This isn’t just a group-stage opener. It’s a rematch. On June 13 at Hampshire Bowl, West Indies face the same New Zealand side that ended their 2024 World Cup campaign by 8 runs in Sharjah, a semi-final where Hayley Matthews scored 15 off 21 balls and the top four combined to produce nothing. New Zealand is the defending champion. The West Indies haven’t beaten them since September 2022. Matthews has a score to settle. So does the entire dressing room.
The Semi-Final That Still Stings
New Zealand posted 128/9 in the 2024 semi-final at Sharjah on October 18, with Georgia Plimmer top-scoring on 33. West Indies, chasing 129, were restricted to 120/8. None of the top four passed 20. The top order collapsed under spin, and Deandra Dottin’s 33 off 22 balls offered only a brief flicker before Amelia Kerr ended the innings in the 17th over.
Matthews arrived at No.3 after Qiana Joseph was dismissed for 12. She managed 15 off 21 balls at a strike rate of 71.4, a crawl from a batter who regularly exceeds 130, before being caught at deep mid-wicket off Lea Tahuhu in the 10.5th over with West Indies on 51/4. She and Stafanie Taylor combined for just 28 off 41 balls. That partnership lost the game.
West Indies Women T20 World Cup 2026 Opener , Head-to-Head Record
| Series / Match | Date | Result | Winner |
| NZ tour of WI, T20I 1 | 28 Sep 2022 | NZ 115 def WI 114/9 | New Zealand |
| NZ tour of WI, T20I 2 | 1 Oct 2022 | NZ won by 5 wkts | New Zealand |
| NZ tour of WI, T20I 3 | 2 Oct 2022 | NZ won by 6 wkts | New Zealand |
| NZ tour of WI, T20I 4 | 5 Oct 2022 | Tie, NZ won Super Over | New Zealand |
| NZ tour of WI, T20I 5 | 6 Oct 2022 | NZ won by 5 wkts | New Zealand |
| T20 WC 2024 Semi-Final | 18 Oct 2024 | NZ 128/9 def WI 120/8 | New Zealand |
West Indies have won just 1 of their last 6 T20Is against New Zealand, that sole victory coming in Antigua on September 28 2022. Across 24 T20Is, New Zealand have won 17 and West Indies just 5. Against this opposition, the West Indies have rarely found answers, and the gap against spin has been the consistent thread running through their defeats.

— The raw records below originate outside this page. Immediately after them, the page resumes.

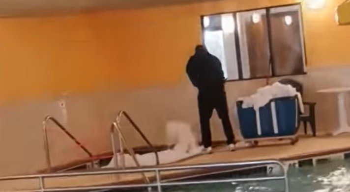 호텔 투숙객들은 사우나를 이용하던 중 한 직원이 염소 처리된 물에 시트를 넣고 빗자루로 휘젓는 모습을 목격하고 이를 촬영했다.
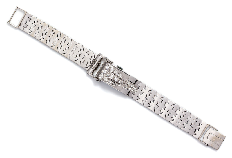 A Retro White Gold and Diamond Surprise Wristwatch,
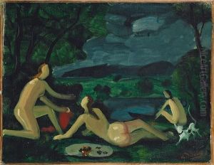 Trois Nus Et Chien Dans Un Paysage
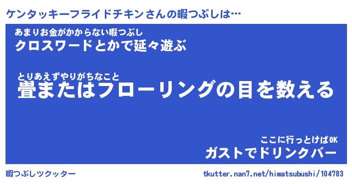 | 女子向けラノベタイトル風あだ名 | 『(仮)ケンタッキーフライドチキンのやんごとなき事情』 |

Carson Is Gone, but Kerr Remains
Eden Carson was the chief architect of the West Indies’ 2024 collapse. She finished with 3/29 from 4 overs, won Player of the Match for the second successive game in that tournament, and dismissed Qiana Joseph, Shemaine Campbelle, and Stafanie Taylor. Across the full 2024 tournament against West Indies, she took 6 wickets in 4 matches at an economy of 4.00. Her off-spin, bowled full on middle and off, neutralised the West Indies’ power game entirely.

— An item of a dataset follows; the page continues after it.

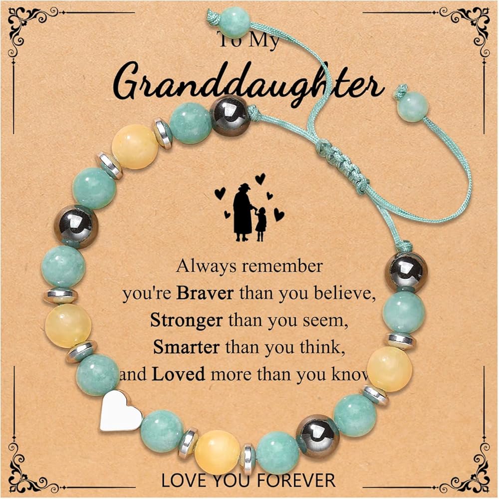 【Material】:This granddaughter bracelet is made of 8mm natural stone and high quality nylon rope. With stainless steel heart charm, highly polished, no rust. It will be a great Christmas or birthday gift for your granddaughter!

Carson is absent in 2026, ruled out with a long-term elbow injury. Off-spinning all-rounder Nensi Patel earns her first World Cup call-up as the replacement. That’s a significant change. But Amelia Kerr, now captain, took 2/14 in the same semi-final and remains the primary threat. New Zealand’s spin attack is diminished without Carson, but it isn’t toothless.

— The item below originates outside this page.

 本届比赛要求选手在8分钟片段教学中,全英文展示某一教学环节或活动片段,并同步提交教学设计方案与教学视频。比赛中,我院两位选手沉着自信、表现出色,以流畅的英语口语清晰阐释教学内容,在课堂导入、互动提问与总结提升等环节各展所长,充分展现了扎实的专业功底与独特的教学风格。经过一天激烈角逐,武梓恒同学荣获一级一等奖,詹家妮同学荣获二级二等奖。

Matthews Must Answer the Spin Question
The Hampshire Bowl in Southampton presents conditions far removed from the flat tracks of the Caribbean. English summer pitches grip for spin, the overhead conditions assist movement, and scoring freely in the powerplay is never guaranteed. Matthews needs to find an answer to the spin question she left unanswered in Sharjah.
Her natural game, aggressive, front-foot, dominant, is exactly what the West Indies need from ball one. The problem in 2024 wasn’t her ability. It was her inability to adjust when the ball turned and gripped. If she arrives in Southampton with a specific plan against Kerr and Patel, West Indies becomes a different proposition. If she doesn’t, the semi-final script risks repeating itself on a surface that will ask the same questions.
What a Win Would Mean for West Indies
Sophie Devine, Suzie Bates, and Lea Tahuhu are all retiring after this tournament, meaning New Zealand arrives carrying a farewell narrative as well as a title defence. West Indies know that. Starting the tournament by ending the champions’ unbeaten run against them would reshape the entire group dynamic in Group 2.
The West Indies Women’s T20 World Cup 2026 opener against New Zealand is the hardest possible start they could have drawn, but it’s also the one that matters most. Beat the defending champions on June 13, and the West Indies don’t just advance their qualification hopes. They send a message to every side in the tournament.